Designing better voice experiences

July 16th, 2020 Written by Ben Childs

Designers of interactive digital services typically use tools such as collaborative whiteboards for concepting, visual design software for creating interfaces and prototypes for defining interaction. But what approach and methods are available to design the user experience of a digital service delivered not as visual pixels but as an interactive voice?

Note: This article uses examples and techniques learned during the recent design of an automated voice service implemented using Amazon Polly, but the described approach and use of SSML markup would also be applicable when using other speech synthesis engines.

Designing content for voice synthesis engines

The process of artificially producing or simulating human speech is referred to as speech synthesis. Computerised speech synthesis has been around since the 1950s and software developers have implemented it across multiple applications including video games, mobile services, ebook readers and public announcement systems. Until recently, the produced voice experience often sounded fairly robotic and monotone but the latest generation of speech synthesis engines such as Google Text-to-Speech or Amazon Polly utilise artificial intelligence and Big Data to learn and mimic true voice patterns, allowing for much more natural and ultimately more human speech. Text is encoded for speech using the Speech Synthesis Markup Language (SSML), an XML based language where text is wrapped in tags that instruct the speech synthesis engine how to generate sounds, where to pause or where to add emphasis.
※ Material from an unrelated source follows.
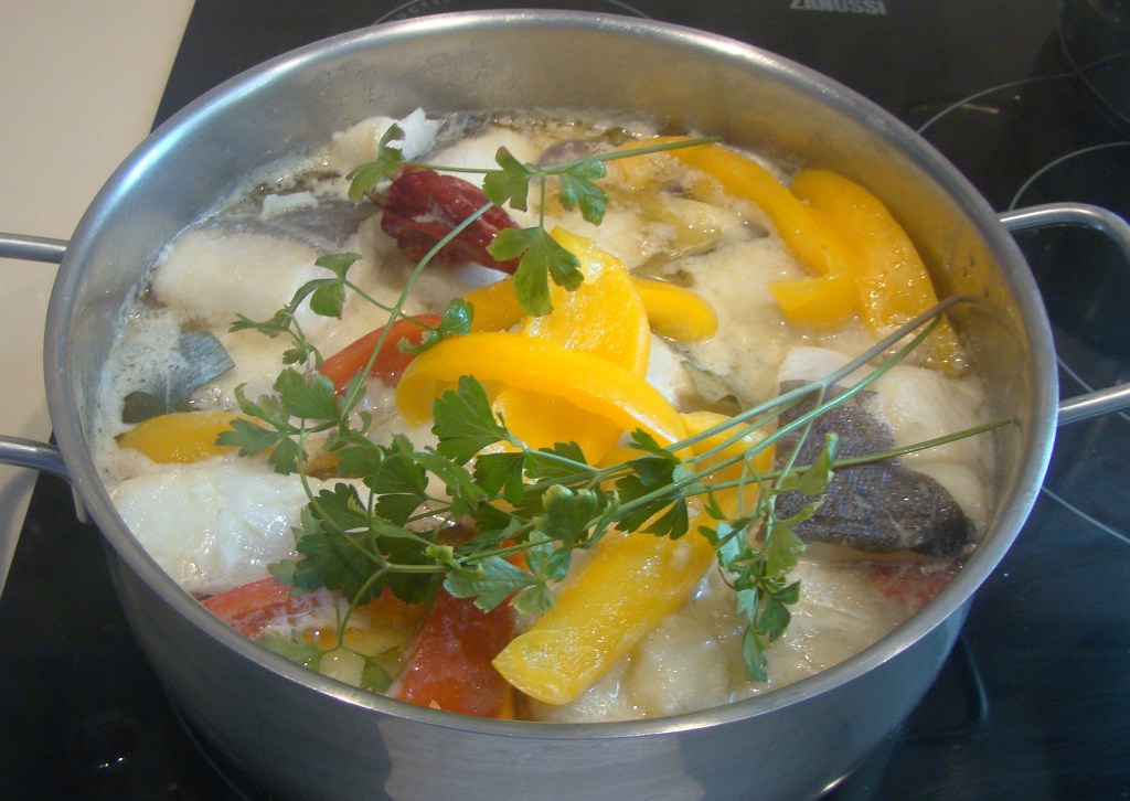 INGREDIENTES: 3 lomos de bacalao a punto de sal, 1 pimiento rojo, 1 pimiento amarillo, 1 trozo de puerro, 1 cebolla roja, 4 papas, 2 hojas de laurel, 1 cucharada de aceite de oliva, 2 vasos de agua y 2 cucharadas de Brandy

Designing the experience of an automated voice service doesn’t require the scope or depth of design of a more visual interface but the UX designer must still consider aspects such as the end-to-end customer journey, consistency of voice menu interactions and best practices for data entry using a phone keypad. Additionally, while the latest speech synthesis engines are already very effective ‘out of the box’ and can be implemented by a software engineer, to maximise the available features and create the best possible voice experience requires an iterative approach and a combination of content design and UX design.
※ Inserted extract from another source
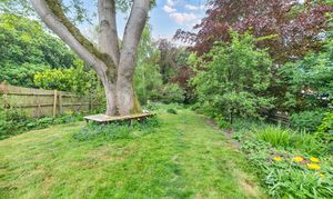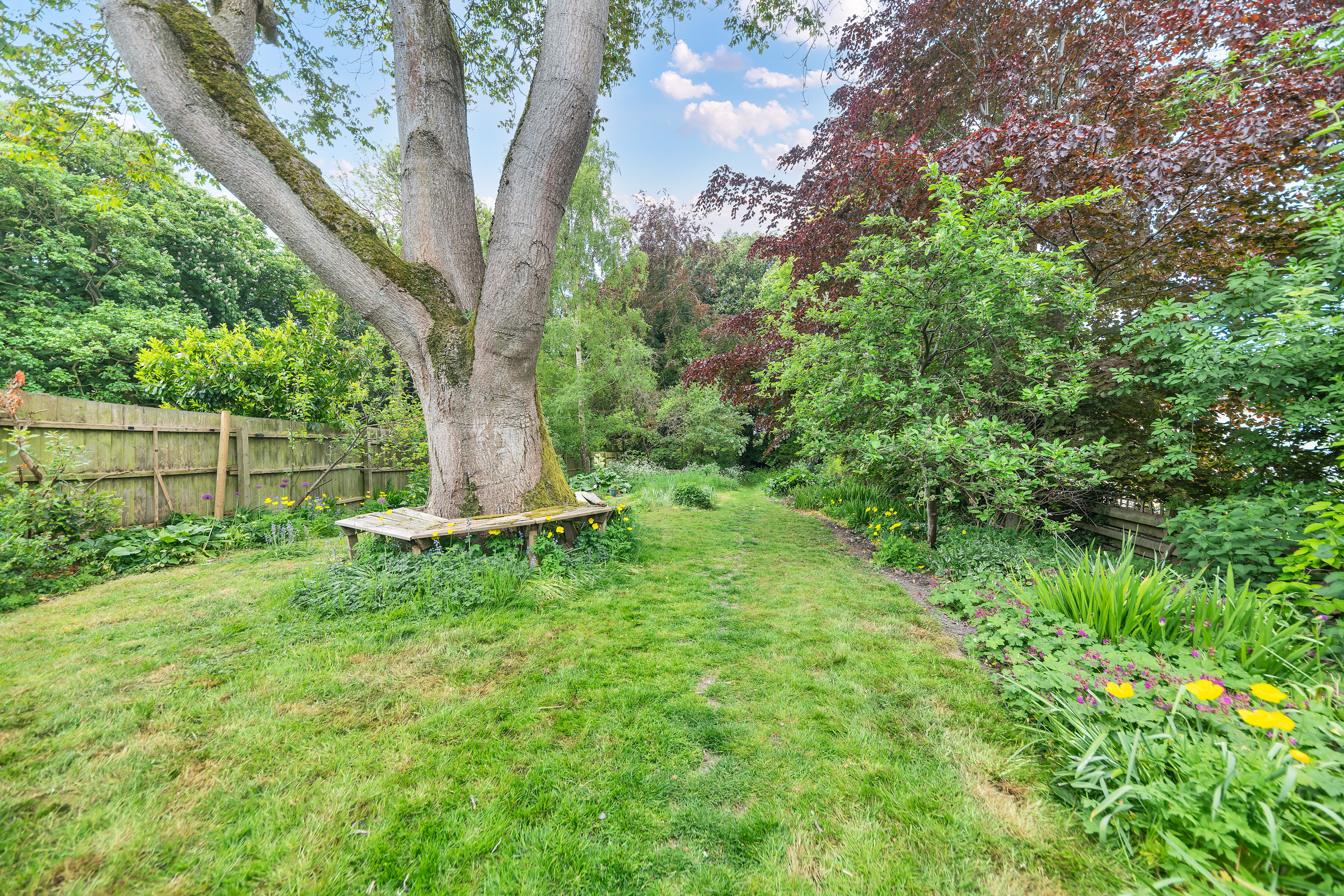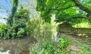 Outside, to the rear, the extensive gardens are incredibly beautiful and versatile, fully enclosed by fencing, backing onto a pretty mill stream, and offering multiple areas of interest or places to sit and nature. The main garden is laid mainly to lawn, with a large patio space providing room for garden furniture, cooking meals al fresco and entertaining guests. There are stunning borders of established plants, trees, flowers and shrubs, including fruit trees and shrubs, access to various sheds and a greenhouse, and plenty of scope for new owners to put their own stamp on things.

Before considering how to design the final experience, it is first helpful to deconstruct audio communication into three parts – language, voice and speech:

  • Language is perhaps the easiest to understand – the spoken or written form of human communication that enables the transfer of knowledge and expression through mutually understood systematic conventions. In the context of an automated voice service, language plays a role in setting the tone and style of the communication – which from a digital services perspective is essentially the ‘content’.
  • Voice can be regarded as the physical process in animals using the lungs and vocal tract to produce sounds. Whilst the voice can be used to generate speech, it is helpful to recognise it is also used to generate growls in animals, noises in infants or laughter, song and crying in adults. Attributes of a voice include how high or low the frequency (pitch) or how loud it is (volume).
  • Speech can to some extent be considered the bridge between language and voice, though the scope of the output is broader and more subtle than words alone, encompassing other expressions and intonation. Like voice, speech is also a physical process, albeit exclusive to humans, that is created using intricate muscle control in the head, neck, chest and abdomen. Attributes of speech include pronunciation, intonation and accents.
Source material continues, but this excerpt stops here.